| ◼ Former Miss USA contestant Carrie Prejean Boller got into a contentious back-and-forth at an interfaith working group meeting of Trump’s Religious Liberty Commission. Prejean Boller denounced Zionism, castigated the “Zionist slaves” who are beholden to that philosophy, and defended Candace Owens’s antisemitism: all views she associates with her recently adopted Catholicism. The head of the commission, Texas Lieutenant Governor Dan Patrick, accused her of trying to “hijack” the proceedings “for her own personal and political agenda” and kicked her off the panel. As of this writing, Prejean Boller is forecasting her untimely death at the hands of Zionist assassin squads. We hope she gets the help she needs, if not the attention she seeks.
◼ Aluminum is now approximately 60 percent more expensive in America than in the rest of the world. This is the natural result of protectionist tariffs, which currently sit at 50 percent for aluminum. American aluminum producers love the policy, as it enables them to charge higher prices. Everyone else loses, including the many more companies in downstream industries that purchase and process aluminum to manufacture other goods. Workers, more of them in those industries than the aluminum business itself, pay the price in lost jobs and lower wages, and consumers ultimately bear the burden of subsidizing economic inefficiency. Trump might have belatedly gotten the message, as his administration is reportedly thinking of paring back the aluminum tariffs. He should do one better by rescinding them entirely.
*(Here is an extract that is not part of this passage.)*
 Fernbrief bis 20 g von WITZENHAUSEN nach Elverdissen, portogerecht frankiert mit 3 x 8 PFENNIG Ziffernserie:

◼ The decision by Britain’s Labour government to hand over the Chagos Archipelago to distant Mauritius, a country with increasingly friendly ties to China, made little sense legally and even less sense geopolitically. Diego Garcia, the largest of the Chagos Islands, hosts a major U.S. base. The U.K. proposed to lease back Diego Garcia from Mauritius and pay richly for the privilege. Thereafter, the base will be far more vulnerable and subject to some significant new rules on how it is used. Notwithstanding strong opposition in the U.K., the British government is proceeding to finalize the new arrangement with obsessive determination, in part because of postcolonial guilt. Many of the Chagossians themselves, shamefully dispossessed by London decades ago, are objecting to the handover. The State Department, failing to take the consequences seriously enough, endorsed the proposed deal this week, but Trump later urged the U.K. not to go ahead with it. He is right to signal his opposition.
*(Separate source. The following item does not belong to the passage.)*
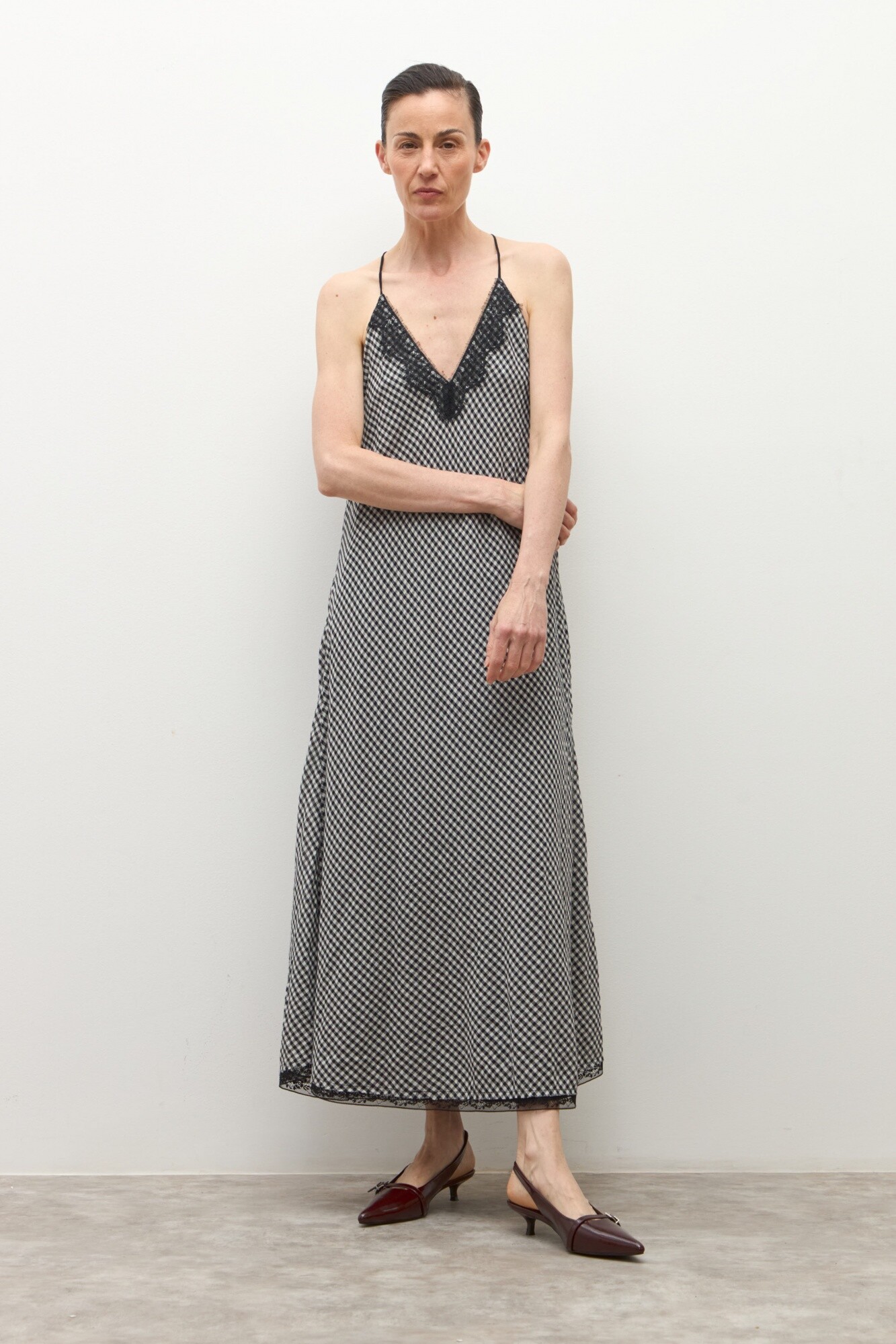Vestido de escote en V. Tirantes finos. Detalle de encaje en escote y bajo.

◼ The Andrew W. Mellon Foundation—the United States’ largest backer of the humanities—is deploying its $7.7 billion endowment to support progressive education initiatives. Recent grants include $500,000 to the University of Utah for research on “transgender and queer of color critique” and an $8 million project titled “Visualizing Abolition” at the University of California, Santa Cruz. As more and more students flock to Southeastern Conference schools like Alabama and Clemson, in part because of the more traditional educational experiences on offer, the Mellon Foundation’s activism only deepens the divide. The people who complained about the Kochs’ influence on campuses are of course almost all unconcerned.
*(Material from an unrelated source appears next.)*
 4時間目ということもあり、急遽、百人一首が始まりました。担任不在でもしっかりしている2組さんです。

◼ Robert Duvall’s first film role was a famously nonspeaking one: as Arthur “Boo” Radley in To Kill a Mockingbird (1962). He carried himself on-screen with an energy far different from that of his younger peers such as Robert De Niro, Al Pacino, and Dustin Hoffman. Duvall’s career began to take off in the late ’60s with small but significant supporting roles in films such as True Grit and M*A*S*H, but it exploded when he was cast as Tom Hagen in The Godfather. He brought conviction and intensity to every role he played. The list of films he starred in—Apocalypse Now, Network, The Great Santini—is practically a cursus honorum of classic mid- to late-’70s cinema. His greatest role might have been on television, as Augustus McCrae in CBS’s adaptation of Larry McMurtry’s Lonesome Dove. As McCrae said on his deathbed: “My God, it’s been quite the party.” Dead at 95. R.I.P.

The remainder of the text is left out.